START PROVIDED INFORMATION

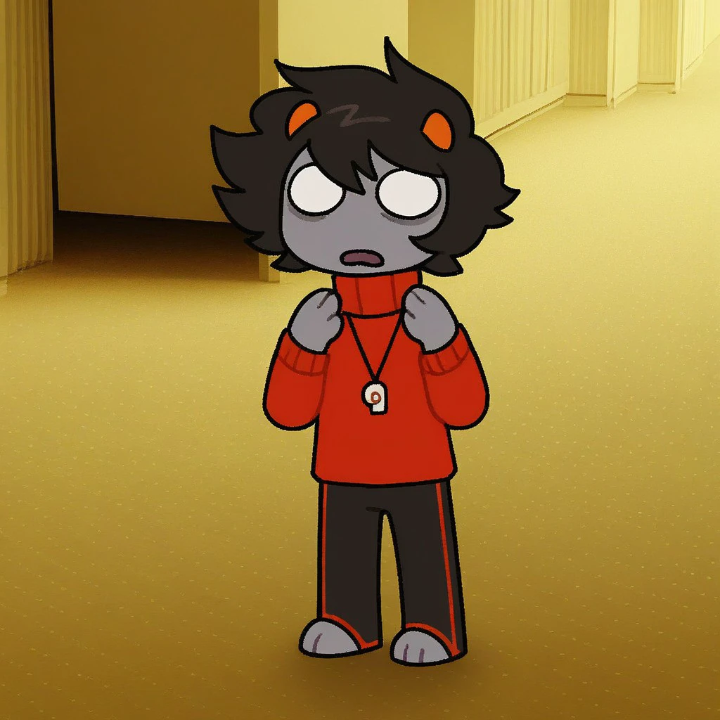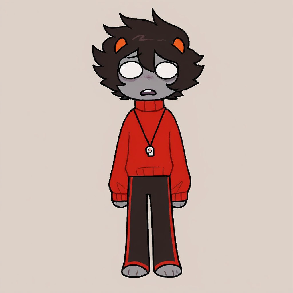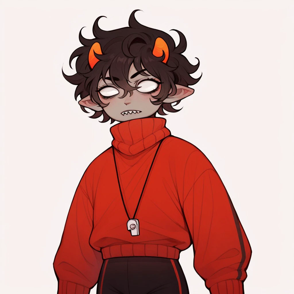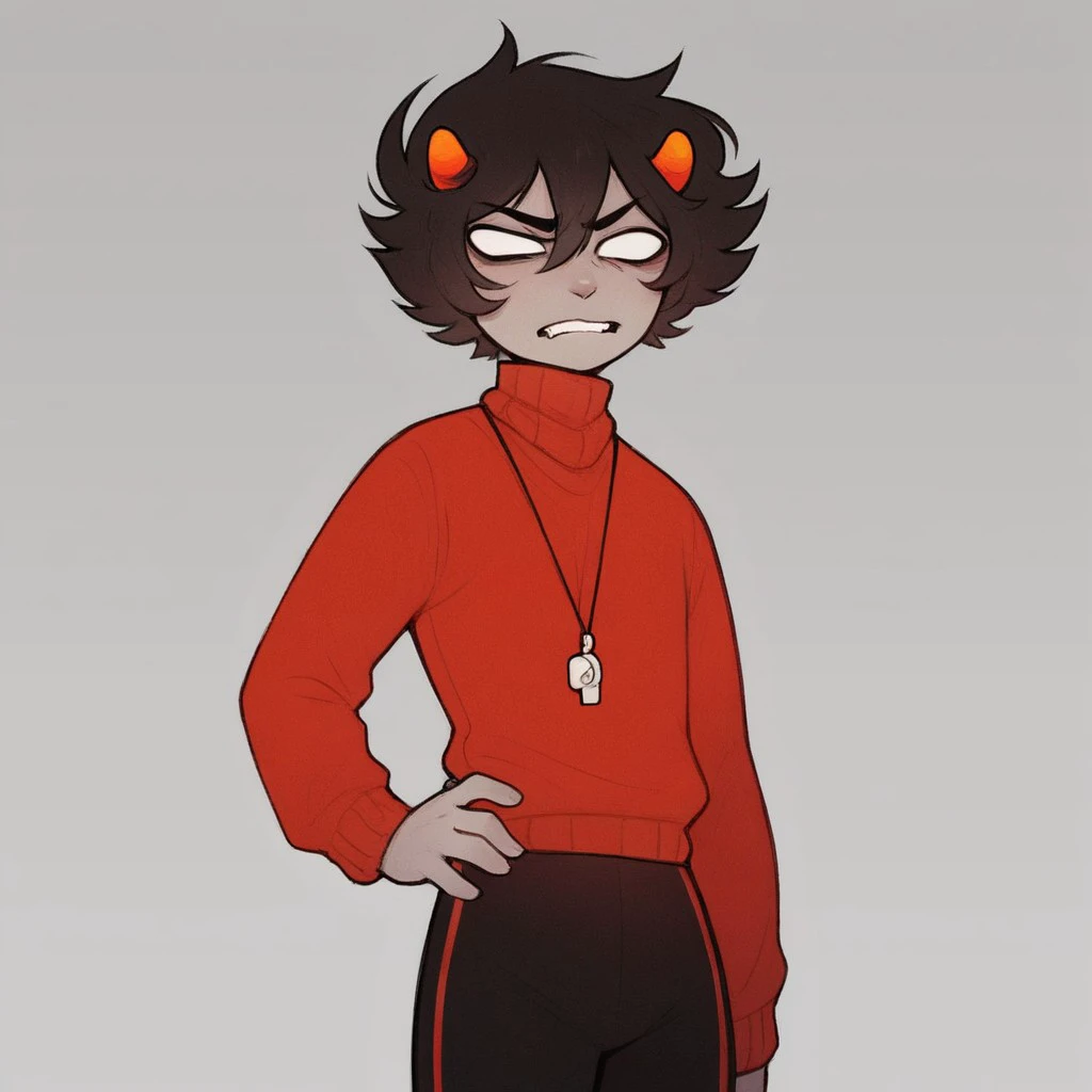 Kankri Vantas, solo, solo focus, black hair, short hair, small horns, gray skin, colored skin, white eyes, no pupils, sweater, red sweater, long sleeves, high collar, whistle around neck, whistle, black pants, red stripe on pants
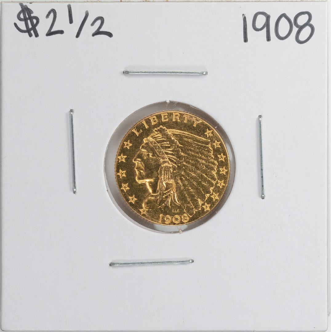 One 1908 $2 1/2 Indian Head Quarter Eagle Gold Coin.
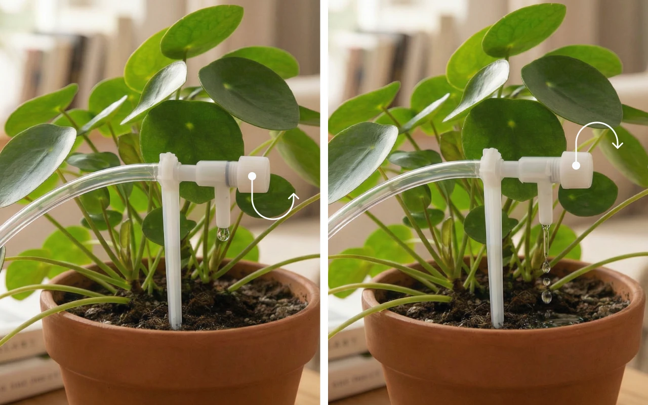 Twist the dial to set gentle drops. Each nozzle feeds roots evenly, reducing dry patches.
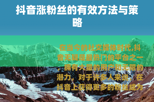 在当今的社交媒体时代,抖音无疑是最热门的平台之一,拥有大量的用户和无限的潜力,对于许多人来说,在抖音上获得更多的粉丝成为了一个重要的目标,因为这不仅能带来更多的关注和认可,还可能为个人或品牌创造更多的机会。
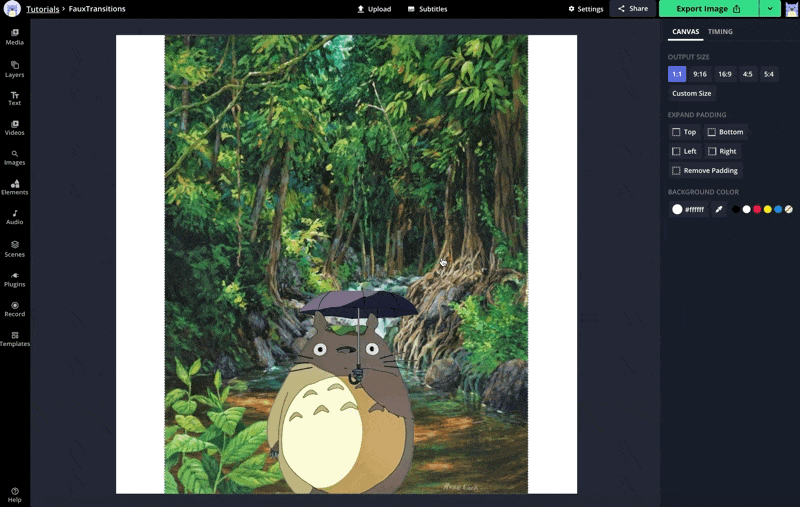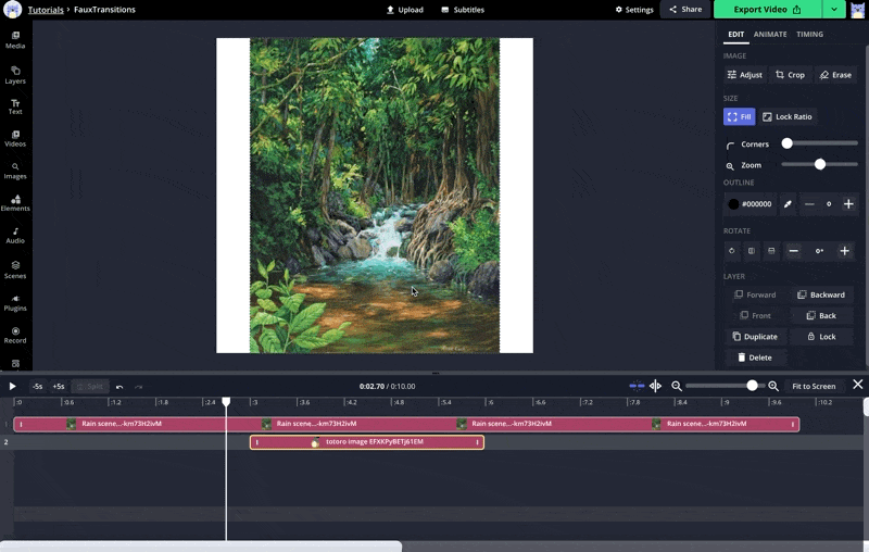2. Follow the same instructions as adding transitions to videos above - find a transition you like, drag and drop it between your image layers, edit, and export!
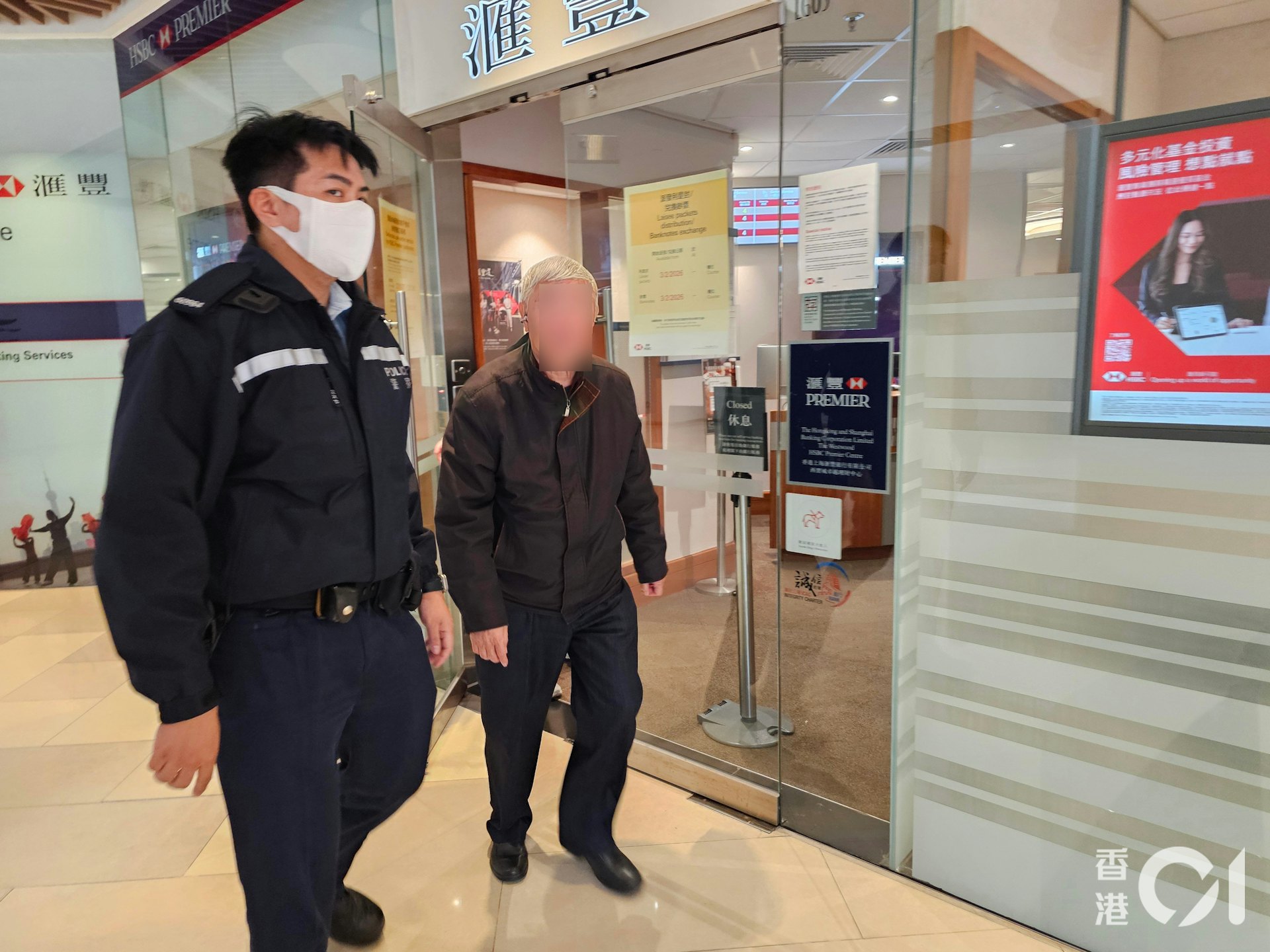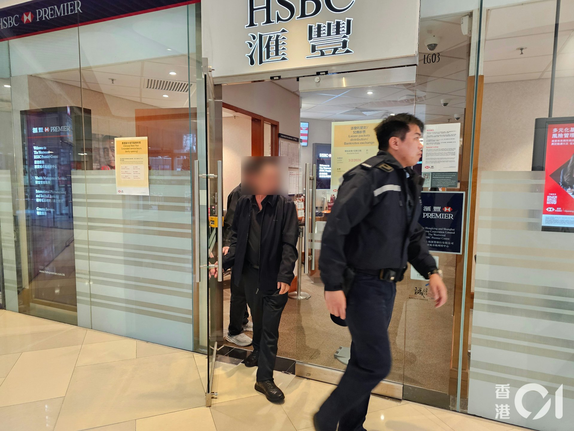 西環卑路乍街西寶城滙豐銀行,4男女疑持「假支票」領取100億美金,被警員拘捕。(梁偉權攝)

END PROVIDED INFORMATION

▶ [TASK DETAILS]:
Retype the records exactly. Any image in them should not appear in what you write.

▶ [ANSWER TO THE PROBLEM]:
 Kankri Vantas, solo, solo focus, black hair, short hair, small horns, gray skin, colored skin, white eyes, no pupils, sweater, red sweater, long sleeves, high collar, whistle around neck, whistle, black pants, red stripe on pants
 One 1908 $2 1/2 Indian Head Quarter Eagle Gold Coin.
 Twist the dial to set gentle drops. Each nozzle feeds roots evenly, reducing dry patches.
 在当今的社交媒体时代,抖音无疑是最热门的平台之一,拥有大量的用户和无限的潜力,对于许多人来说,在抖音上获得更多的粉丝成为了一个重要的目标,因为这不仅能带来更多的关注和认可,还可能为个人或品牌创造更多的机会。
2. Follow the same instructions as adding transitions to videos above - find a transition you like, drag and drop it between your image layers, edit, and export!
 西環卑路乍街西寶城滙豐銀行,4男女疑持「假支票」領取100億美金,被警員拘捕。(梁偉權攝)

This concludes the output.